Jesienne przyjemności:-)

Witajcie,

I minął kolejny tydzień...jest tak jak myślałam, na życie blogowe w tygodniu nie mam kompletnie czasu. Nie robię zdjęć, bo wracam jak jest już całkiem ciemno, nie odpisuję na maila, nie komentuje:-( Nie lubię takiego niedoczasu, choć wszystko co się teraz dzieje sprawia mi dużo przyjemności:-) Jestem już po immatrykulacji i tym samym oficjalnie doktorantką. Nawet pierwsze zajęcia już były, które mnie troszkę przeraziły, bo jakby nie było, kierunek jak najbardziej humanistyczny, a tu wzory, logika...itd....zapowiada się ciekawie:-) Dlatego taka wolna sobota cieszy mnie niezmiernie. Doprowadziłam w końcu mieszkanie do porządku, upiekłam imieninowe ciasto dla Męża, winko się chłodzi na wieczór, a ja spędzam czas po prostu odpoczywając. Wygodny strój, ciepłe skarpety i kosz orzechów to prawie zestaw idealny:-) A jak to wszystko umilają nowe nabytki domowe to już jest na 5:-)


Serwetka Green Gate z Fiorello do koszyka spodobała mi się od razu i orzechy smakują inaczej:-) Ja jednak lubię jak wszystko jest ładnie podane:-)


Nie wiem skąd tyle minty dodatków się obok mnie znalazło:-) Znany Wam już kubek używam non stop, a to małe pudełeczko jest tak uroczym drobiazgiem,że nie mogłam się mu oprzeć:-) To puszka z zapałkami, które coraz częściej się przydają:-) 



I jak już wszystko mam, to przesiaduję na kanapie z książką. Ostatnio odkryłam świetne blogi o książkach i przepadłam.
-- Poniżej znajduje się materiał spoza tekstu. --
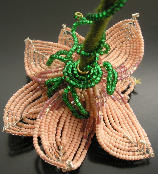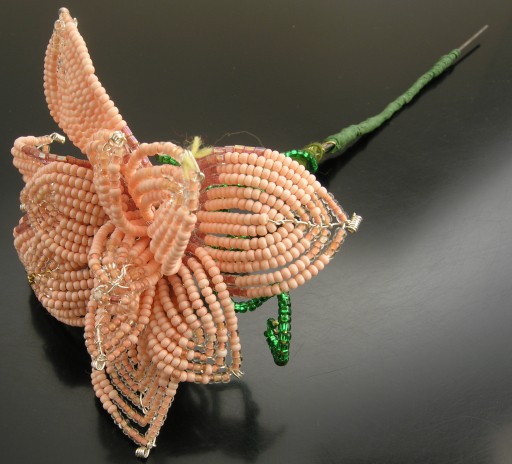 9-1/2” including stem. Flower measures 3-1/2" across at its widest point. Three colors of seed beads, silver and gold -color wire, fabric colored wire, mandrel. Completed march? 2008.
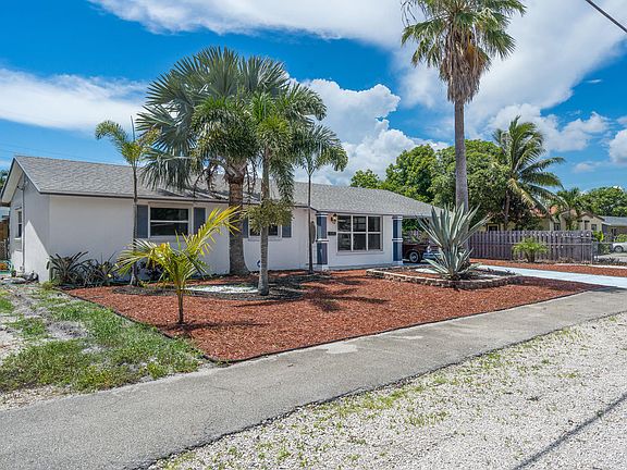 Welcome to this LARGE LOT, NO HOA Tropical Oasis in Boynton Beach! This 3/2 ''Florida style home'' boasts a large updated kitchen, granite countertops, kraft oak cabinetry with matching oak trim. Newer appliances with a builtin breakfast nook overlooking the large (15x30) pool (brand new pool liner) and tranquil water feature. The front and back of the property has been redone with a tropical Island feel including mature palms, lighting. All outdoor furniture is included with the sale (seating for 25). Large shed for storage. Plenty of parking for entertaining your guest. Must see to appreciate. Generator with built in shoebox connection in your new electrical panel. Crown and oversized base.
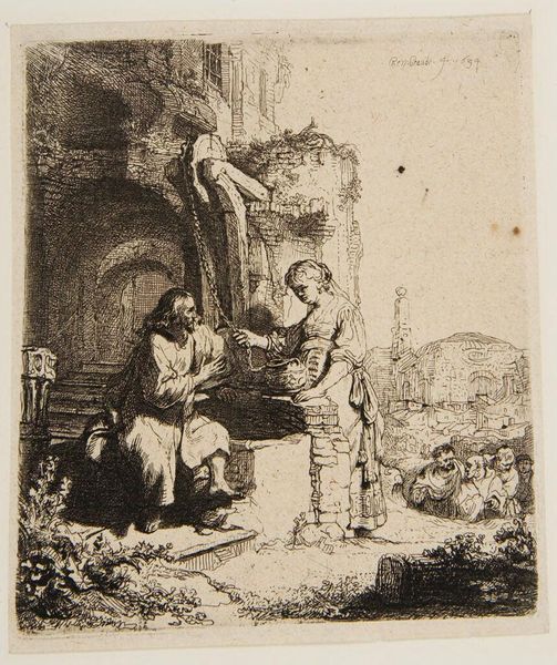 Curator: Here we have Rembrandt van Rijn's etching, "The Good Samaritan." Notice the intricate detailing, particularly the play of light and shadow achieved through varied line weights and cross-hatching. Editor: It feels almost like a stage set, doesn't it? That crumbling architecture in the background throws the foreground figures into such stark relief. Curator: Indeed, the composition guides the eye. Consider the central archway—a framing device emphasizing the narrative core. The lines direct us to the figures aiding the injured man. Editor: The light almost seems to emanate from the Samaritan himself, highlighting the kindness and compassion at the heart of the biblical tale. It is interesting to note the seated dog, a wonderful addition to the scene. Curator: His humanism, expressed through form and light, renders the parable timeless and relevant. Editor: Yes, it makes you ponder the meaning of compassion in our own world.
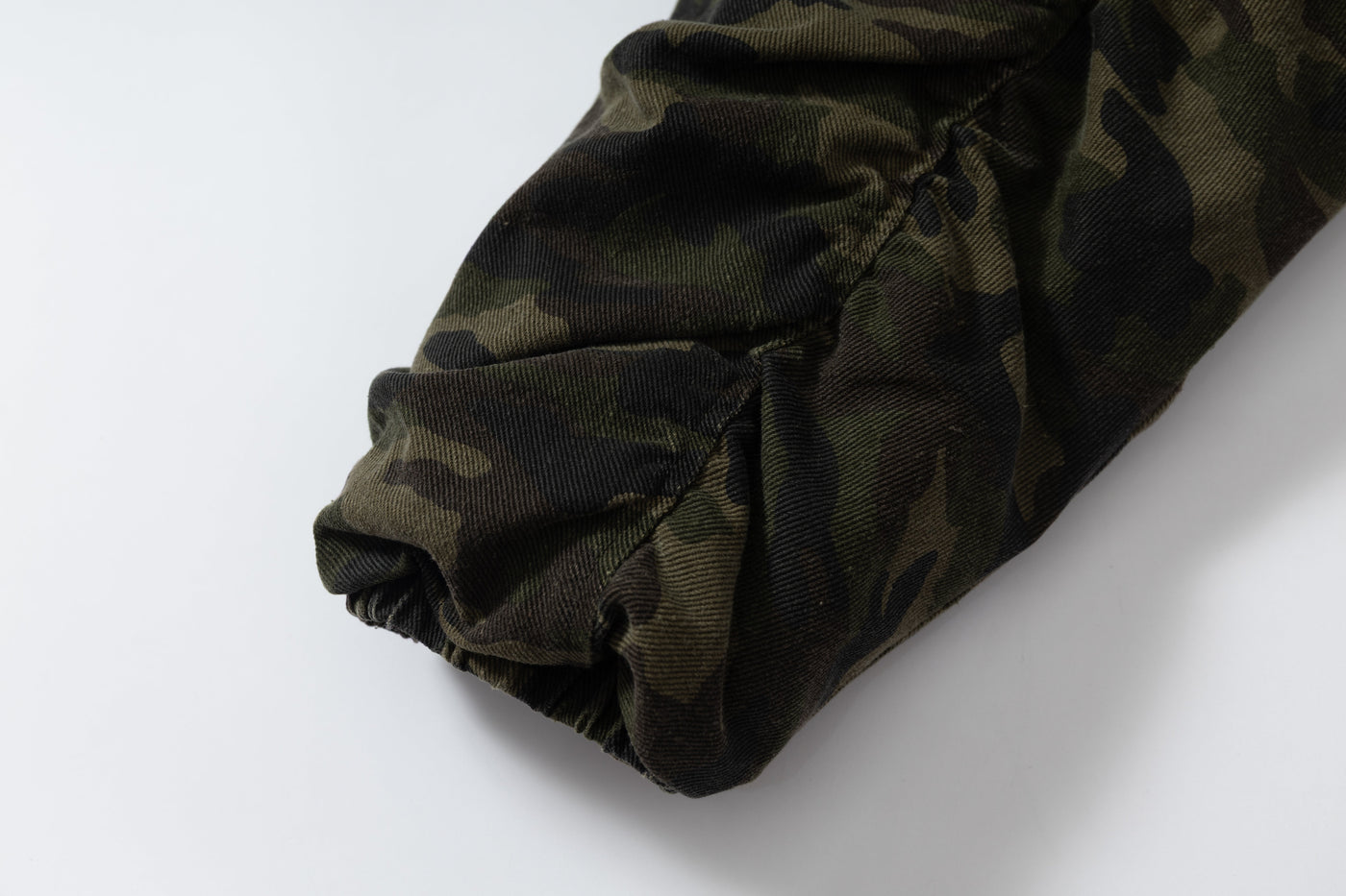 The Omirad Camo Hook Detail Distressed Jacket brings a rugged military aesthetic with a modern streetwear edge. Featuring a full camouflage pattern with raw distressed accents and metal hook closures, this piece combines rebellion and craftsmanship. The inner black hood adds depth and layering versatility, while the ruched sleeves enhance the structured silhouette. Made from a soft cotton-spandex blend, it offers both durability and comfort for any street-ready fit.

Skończyło się na zamówieniu kilku nowych pozycji i na kilka wieczorów lektura zapewniona. Dobrze, że mam czytnik Kindla bo chyba bym zbankrutowała:-) Na temat refleksji książkowych mogłabym założyć drugiego bloga, zresztą kusi mnie takowy:-) 

I jeszcze żółte, jesienne wyzwanie. Zaszalałam z lakierem do paznokci:-)


Miłego weekendu!
Pozdrawiam ciepło!
Ola
p.s. Przypominam o candy:-) Zapraszam!